Nearly everyone knows a few facts about Jose “Pepe” Mujica.
He drives a 1987 Volkswagen Beetle. He almost never wears a tie. He lives in a farmhouse and donates nearly all of his presidential salary to charity. And perhaps most famously, he used to be a guerilla leader in the Tupamaros movement, an armed group inspired by the Cuban revolution.
So no-one could fail to appreciate the symbolism yesterday when he entered the Oval Office. Pepe Mujica has come a long way from the days of taking over towns and robbing food trucks. As Uruguay’s El País wrote this week, it was his first trip to “the heart of the empire that he (once) railed against.”

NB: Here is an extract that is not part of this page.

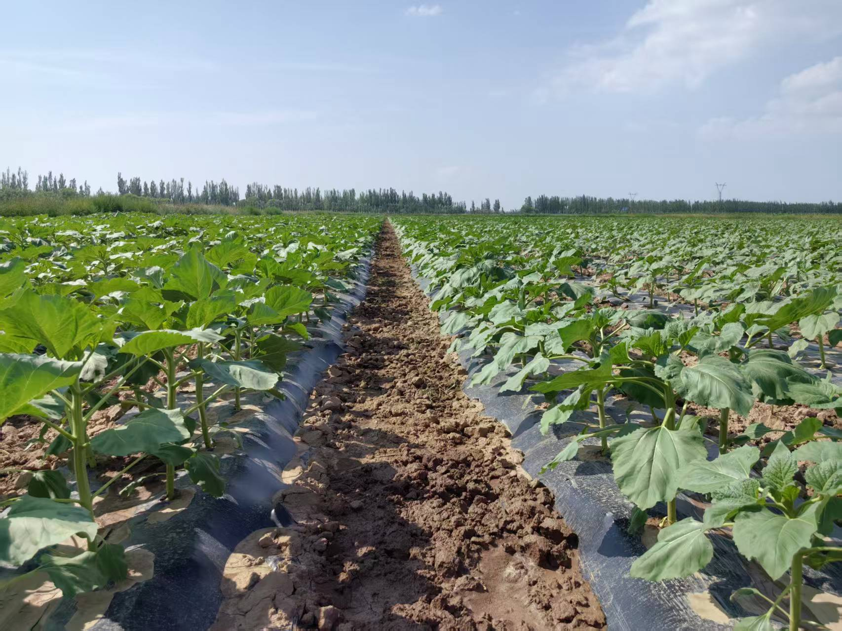 针对盐碱地种植向日葵“盐分表聚和暴雨积水烂根”等问题,高垄覆膜滴灌抑盐增产增效技术呈现出七大技术优势。一是盐碱地上的抑盐作用明显。通过起垄改变微地形,切断土壤反盐途径,结合生育期滴灌,有效淋洗耕层盐分,从而达到抑盐效果。二是提高向日葵出苗、保苗率。三是该模式向日葵通风透光效果好,在生长后期有很好的保墒效应,可有效促进向日葵地上部分干物质积累和地下根系横向和纵向生长,增加根系鲜重。四是可有效提高地温,提早向日葵成熟。五是增产效果显著。六是抗涝灾能力强。植株植于垄上,暴雨过后受灾程度轻,形成的垄沟排水效果明显。七是该模式配套旋耕起垄覆膜精良穴播机械,可以一次性完成起垄、施肥、覆膜、铺滴灌带、播种作业,大幅提升了播种效率,降低了生产成本。

Of course, Mujica is not the first Uruguayan leader to visit the White House. But he clearly realizes the importance of Uruguay’s relationship with the US. In an interview with The Guardian last year, in which he discussed his outlook, he said this:
“I’m just sick of the way things are. We’re in an age in which we can’t live without accepting the logic of the market,” he said.
Doesn’t sound like someone who would have much in common with president of the United States, does it?
But Mujica has garnered a reputation in office as someone who is a pragmatist, rather than a stickler for principles. His approach to the legalization of marijuana in Uruguay backs this view — he has argued the move is not a result of trying to be “more liberal,” rather it’s the result of a “logical” approach.
Pablo Brum, an author who’s published a book on the history of the Tupamaros, tried to explain Uruguay’s president in an interview with the US radio station NPR this week.
“When you think you’ve understood Mujica, when you think you’ve defined him, he will surprise you with something completely different and new and even contradictory.”
And so, perhaps we can consider yesterday’s trip to the Oval Office as just another page in the epic story of Mujica, his ideals and his pragmatism.